--- Given records ---

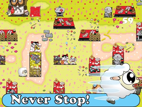 Swipe upward / downward at right timing to dodge obstacles, the sheep is running faster and faster, see how far can you lead the lost Mochi-Sheep without harmed!
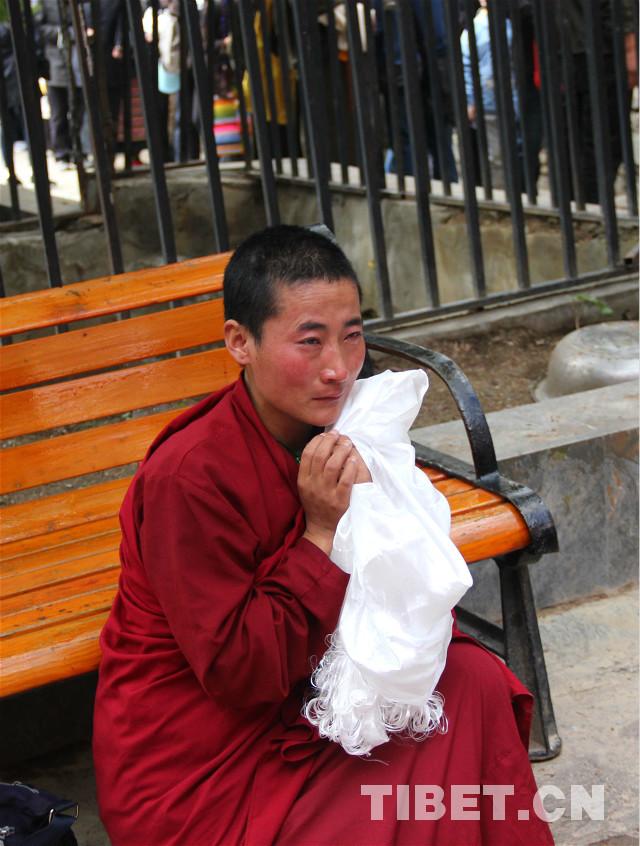 圖為見到班禪后流下激動的眼淚的僧尼。攝影:李元梅。(中國西藏網(wǎng)圖、文/王淑李元梅)
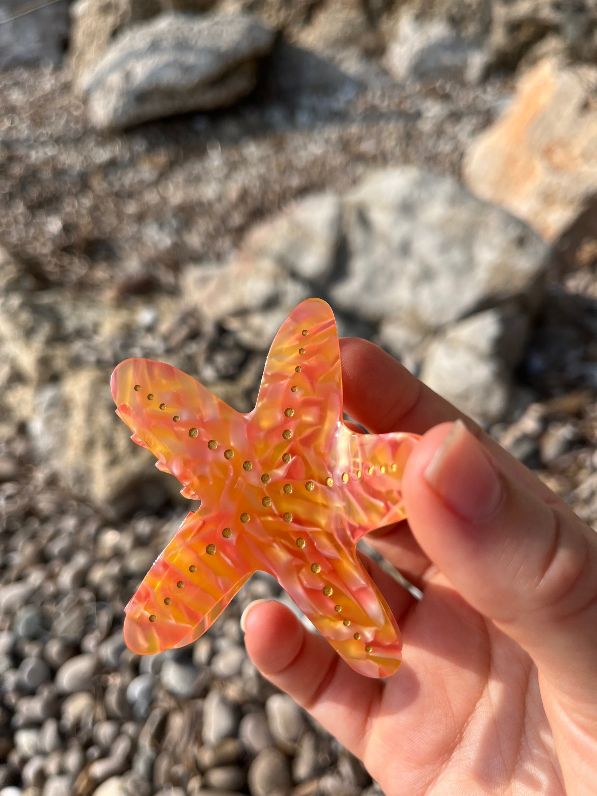 Prepárate para lucir tu cabello perfectamente peinado con este clip Starfish de alta calidad elaborado con acetato de primera calidad. Su diseño versátil es perfecto para peinados medio recogidos, medio recogidos o para aquellos con cabello más fino. Abraza las vibraciones caprichosas del mar con este clip lúdico y divertido.
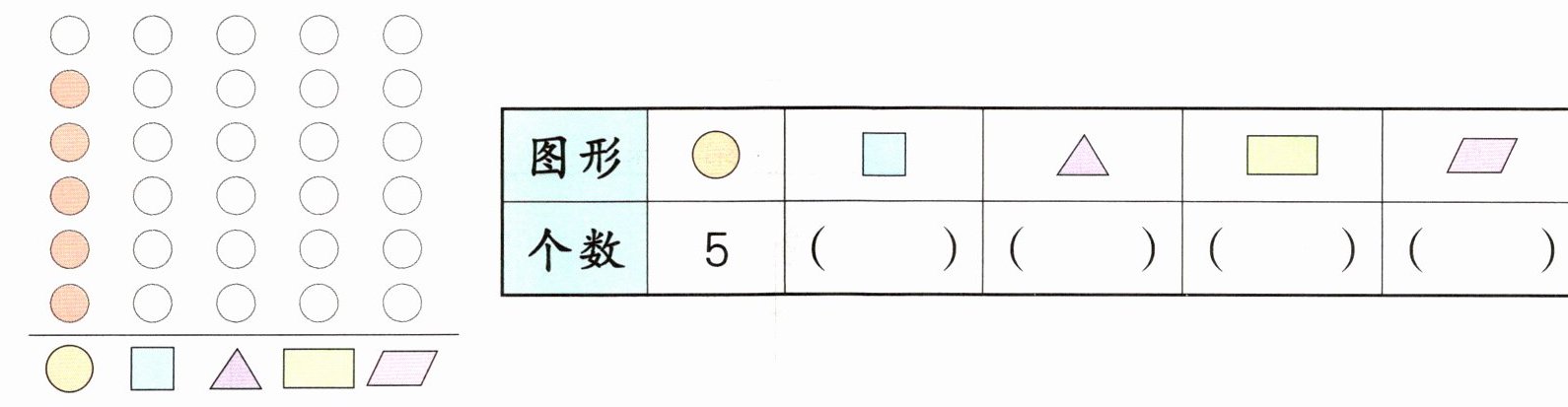 (1)把上面的图形分一分,数一数,涂一涂,在下面的表格中填一填。
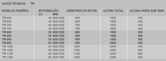 Rotores do tipo fechado c/ alto rendimento e baixa pressão
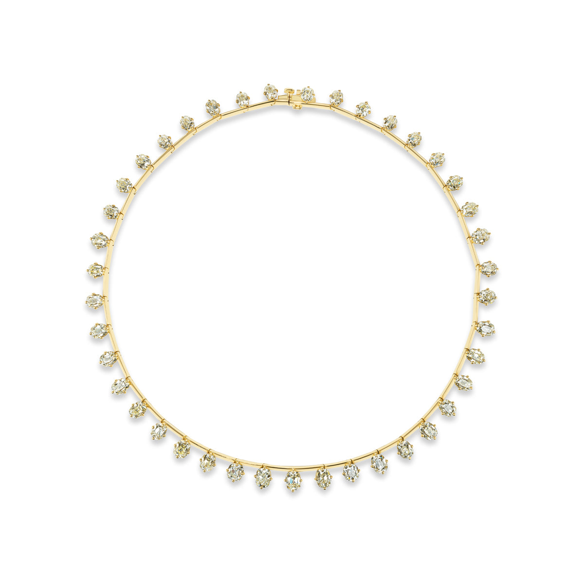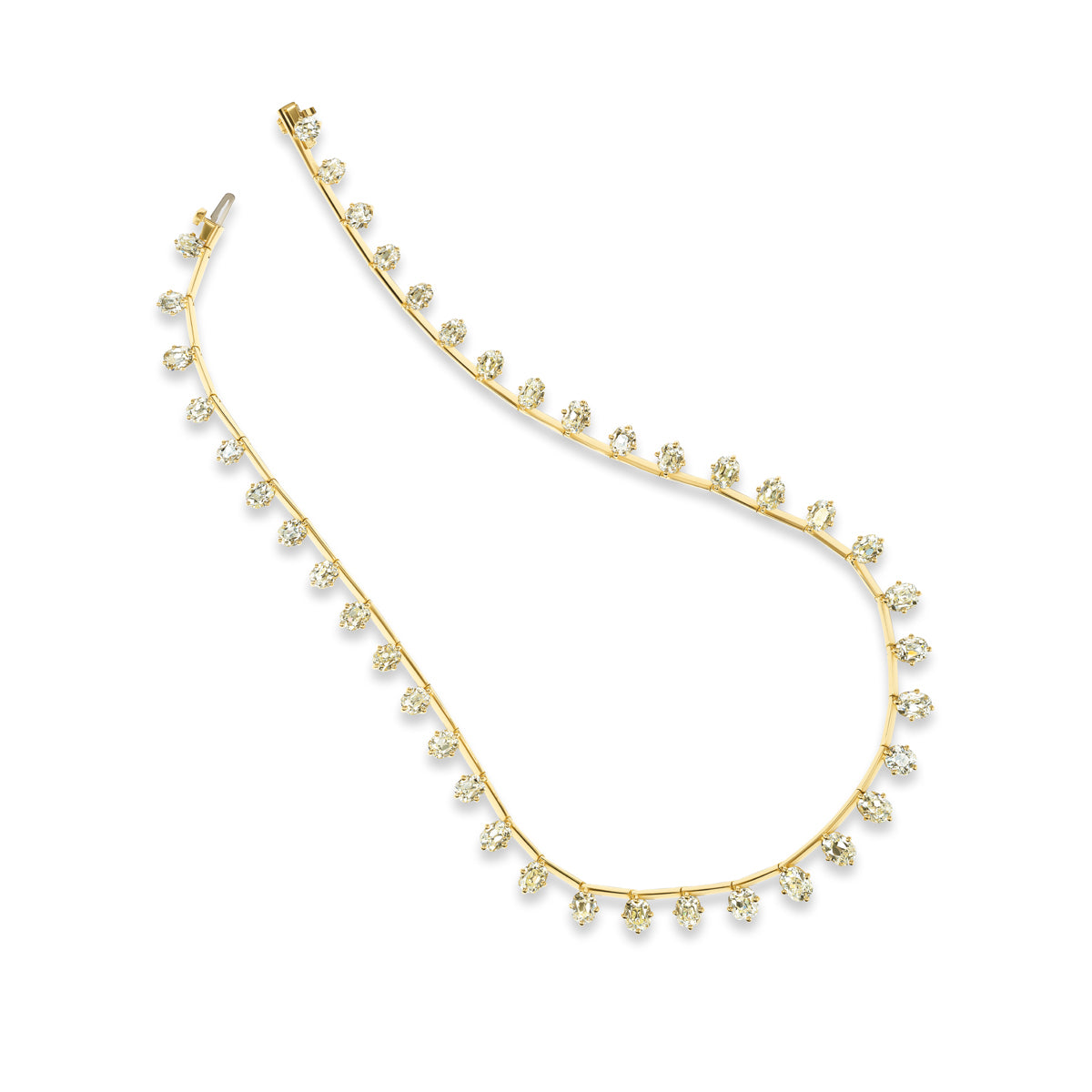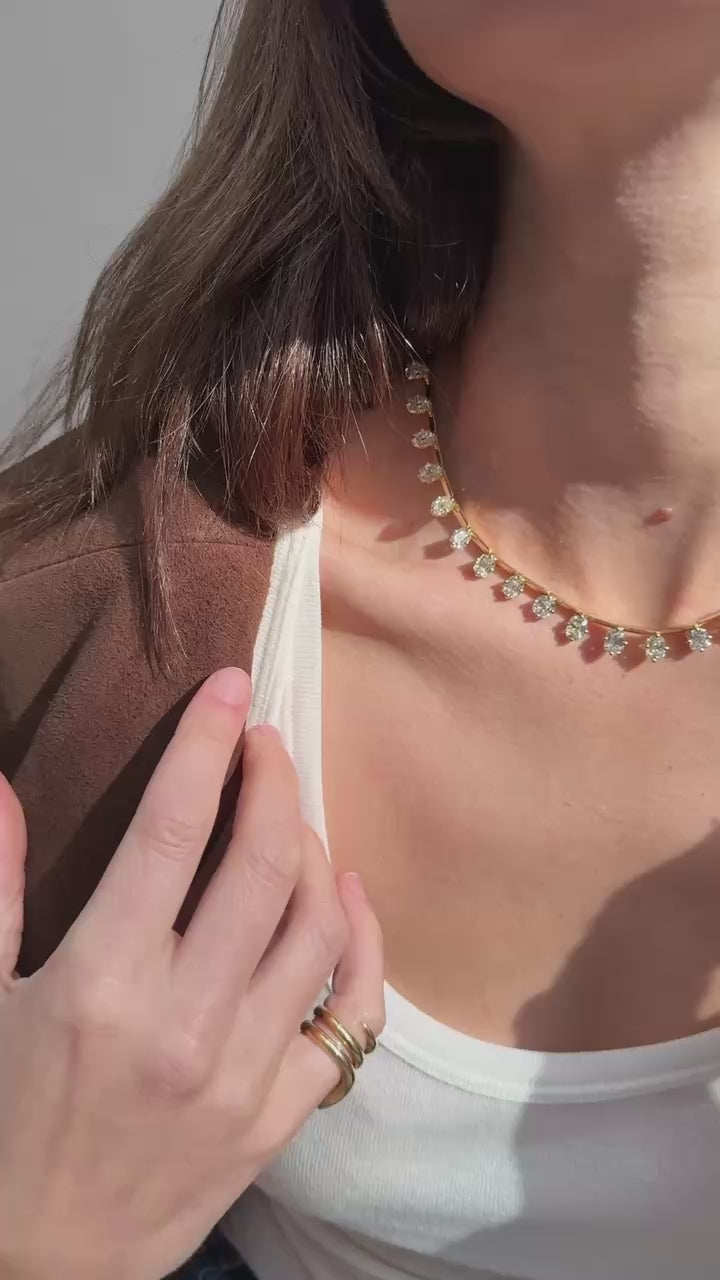 Elevate your collection with the Spina Necklace, featuring 28.56 carats of antique old miner diamonds meticulously arranged in a cascading spine-like design. This piece combines timeless elegance with a luxurious yet cool aesthetic. Perfect for those who appreciate heritage stones with a contemporary edge.
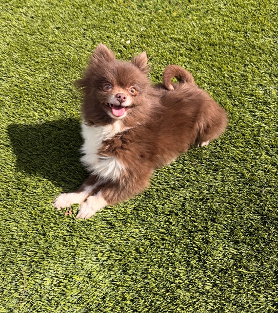 Meet Coco Puff, a delightful 3-year-old, 5-pound Pomeranian (with maybe a hint of Chihuahua) who’s all love wrapped in fluff! This cheerful little girl adores attention and makes friends wherever she goes. She’s a cuddle expert who’s happiest snuggled in your lap, but she also loves to romp around the yard when it’s playtime. Coco isn’t much of a barker—she prefers to share her joy through tail wags and kisses. This petite princess is ready to find a forever home where she’ll be adored and spoiled just as she deserves.
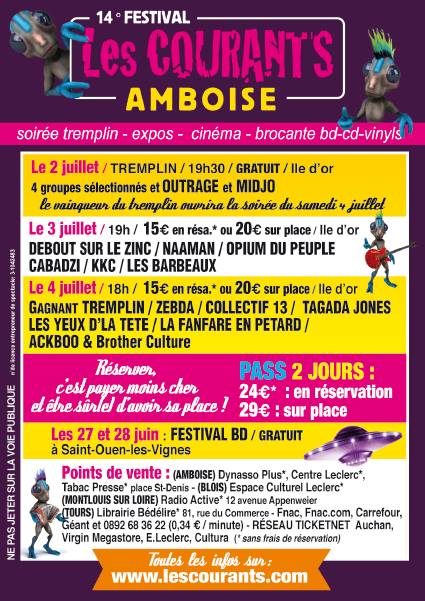 read moreLe Festival Les Courants à Amboise du jeudi 30 juin au samedi 2 Juillet, a ouvert ses portes par une série de concerts tremplins, destiné à des groupes locaux: Bunjil’ : duo de chansons française avec guitare et percussion Daoud et Kristobal : groupe de rock français pechu Jeans : groupe de rock anglais classique […]
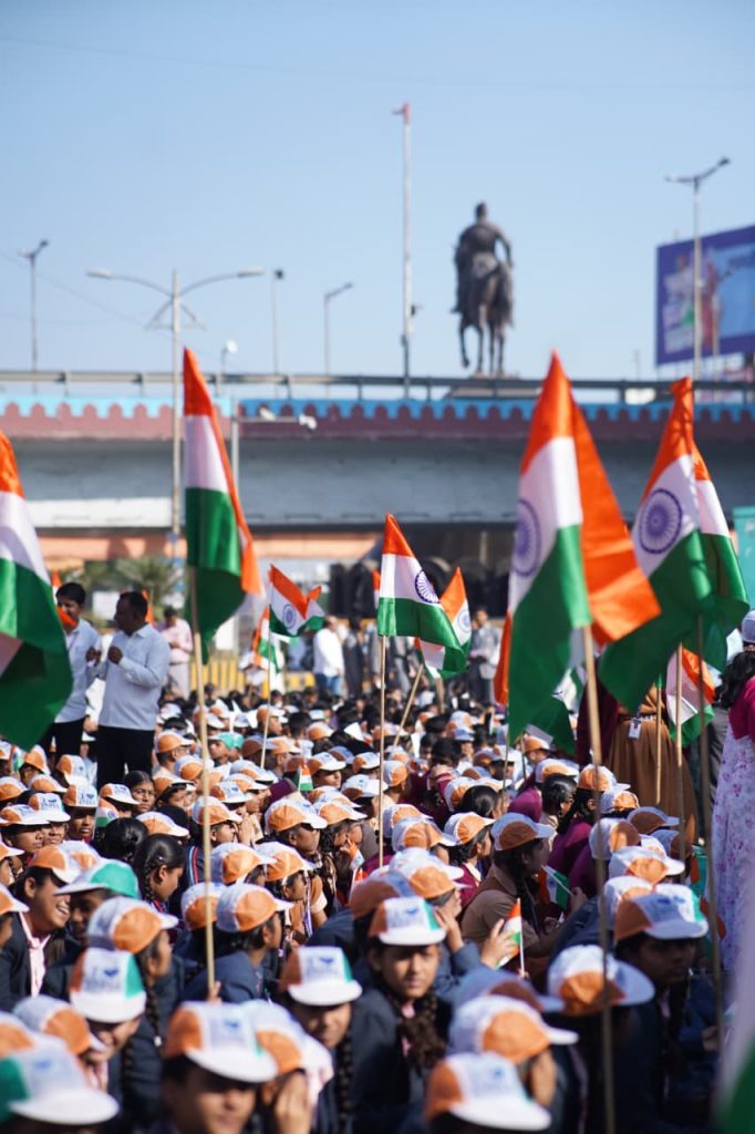 या भव्य कार्यक्रमात विद्यार्थी, नागरिक आणि कार्यकर्त्यांचा उत्स्फूर्त सहभाग घेऊन देशाप्रती असलेला आपले प्रेम व्यक्त केले..

---

What this task involves: Please copy the records above word for word, omitting every picture.

Result:
 Swipe upward / downward at right timing to dodge obstacles, the sheep is running faster and faster, see how far can you lead the lost Mochi-Sheep without harmed!
 圖為見到班禪后流下激動的眼淚的僧尼。攝影:李元梅。(中國西藏網(wǎng)圖、文/王淑李元梅)
 Prepárate para lucir tu cabello perfectamente peinado con este clip Starfish de alta calidad elaborado con acetato de primera calidad. Su diseño versátil es perfecto para peinados medio recogidos, medio recogidos o para aquellos con cabello más fino. Abraza las vibraciones caprichosas del mar con este clip lúdico y divertido.
 (1)把上面的图形分一分,数一数,涂一涂,在下面的表格中填一填。
 Rotores do tipo fechado c/ alto rendimento e baixa pressão
 Elevate your collection with the Spina Necklace, featuring 28.56 carats of antique old miner diamonds meticulously arranged in a cascading spine-like design. This piece combines timeless elegance with a luxurious yet cool aesthetic. Perfect for those who appreciate heritage stones with a contemporary edge.
 Meet Coco Puff, a delightful 3-year-old, 5-pound Pomeranian (with maybe a hint of Chihuahua) who’s all love wrapped in fluff! This cheerful little girl adores attention and makes friends wherever she goes. She’s a cuddle expert who’s happiest snuggled in your lap, but she also loves to romp around the yard when it’s playtime. Coco isn’t much of a barker—she prefers to share her joy through tail wags and kisses. This petite princess is ready to find a forever home where she’ll be adored and spoiled just as she deserves.
 read moreLe Festival Les Courants à Amboise du jeudi 30 juin au samedi 2 Juillet, a ouvert ses portes par une série de concerts tremplins, destiné à des groupes locaux: Bunjil’ : duo de chansons française avec guitare et percussion Daoud et Kristobal : groupe de rock français pechu Jeans : groupe de rock anglais classique […]
 या भव्य कार्यक्रमात विद्यार्थी, नागरिक आणि कार्यकर्त्यांचा उत्स्फूर्त सहभाग घेऊन देशाप्रती असलेला आपले प्रेम व्यक्त केले..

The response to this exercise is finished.